┌────────

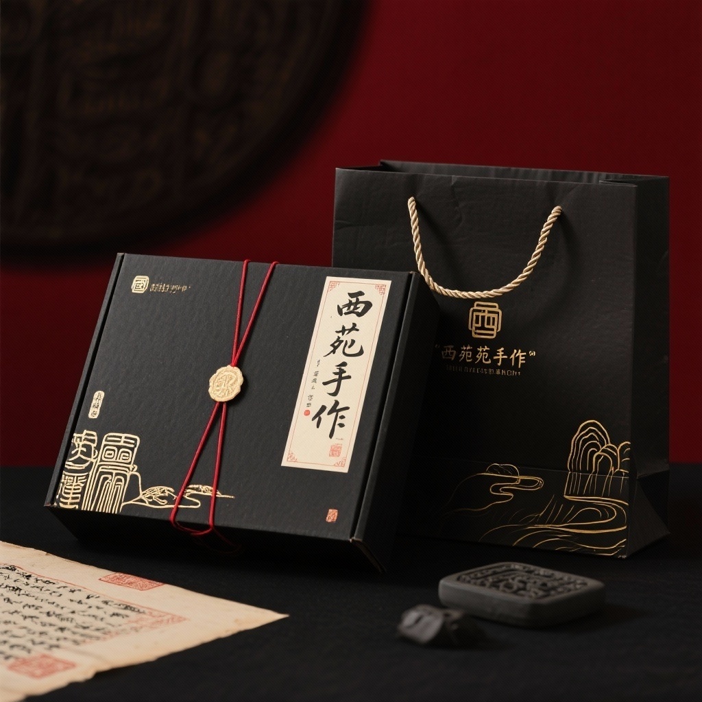 - **产品**:非遗手作——拓石留韵 - **品牌名**:西苑手作 - **包装样式**:飞机盒 + 手提纸袋 - **设计风格**:中国风 - **设计元素**:古代拓片素材、古风封口标签、手写书法标题 - **主题配色**:黑色、金色、红色
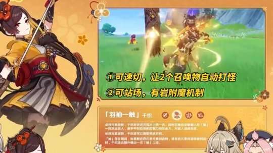 【新角色简报】千织,5星岩元素单手剑角色,速切后台召唤物远程自动输出与前台站场自身岩附魔搭配召唤物一齐输出双玩法。战技类似艾尔海森/刻晴,并生成1个召唤物,场上有其他岩召唤物会额外多召唤1个,且突进结束后可在空中切换队友或自身获得岩附魔。元素爆发则是对前方造成一段斩击。生活天赋,提升队伍的移动速度。
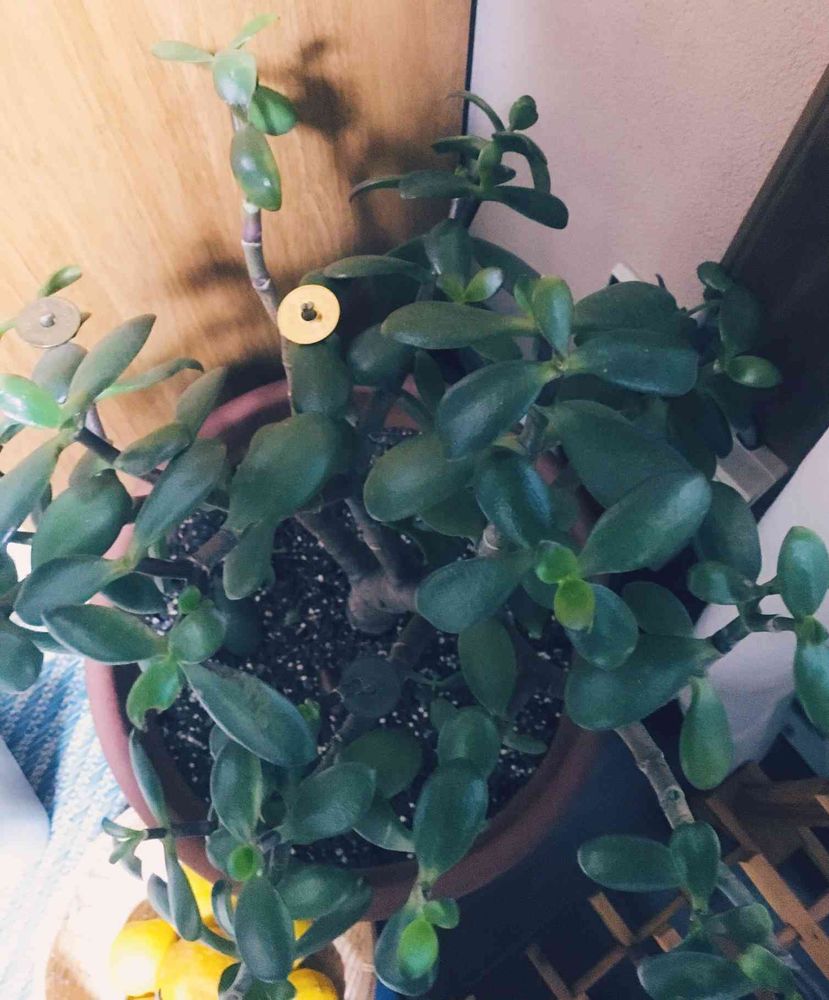 天国のおじいちゃんが大切に育ててた。金のなる木、私が引き継ぎ新しい五円玉付けました(*´꒳`*)

└────────

Output the whole of the data, unchanged; keep the pictures out.

◆ RESPONSE AREA:
 - **产品**:非遗手作——拓石留韵 - **品牌名**:西苑手作 - **包装样式**:飞机盒 + 手提纸袋 - **设计风格**:中国风 - **设计元素**:古代拓片素材、古风封口标签、手写书法标题 - **主题配色**:黑色、金色、红色
 【新角色简报】千织,5星岩元素单手剑角色,速切后台召唤物远程自动输出与前台站场自身岩附魔搭配召唤物一齐输出双玩法。战技类似艾尔海森/刻晴,并生成1个召唤物,场上有其他岩召唤物会额外多召唤1个,且突进结束后可在空中切换队友或自身获得岩附魔。元素爆发则是对前方造成一段斩击。生活天赋,提升队伍的移动速度。
 天国のおじいちゃんが大切に育ててた。金のなる木、私が引き継ぎ新しい五円玉付けました(*´꒳`*)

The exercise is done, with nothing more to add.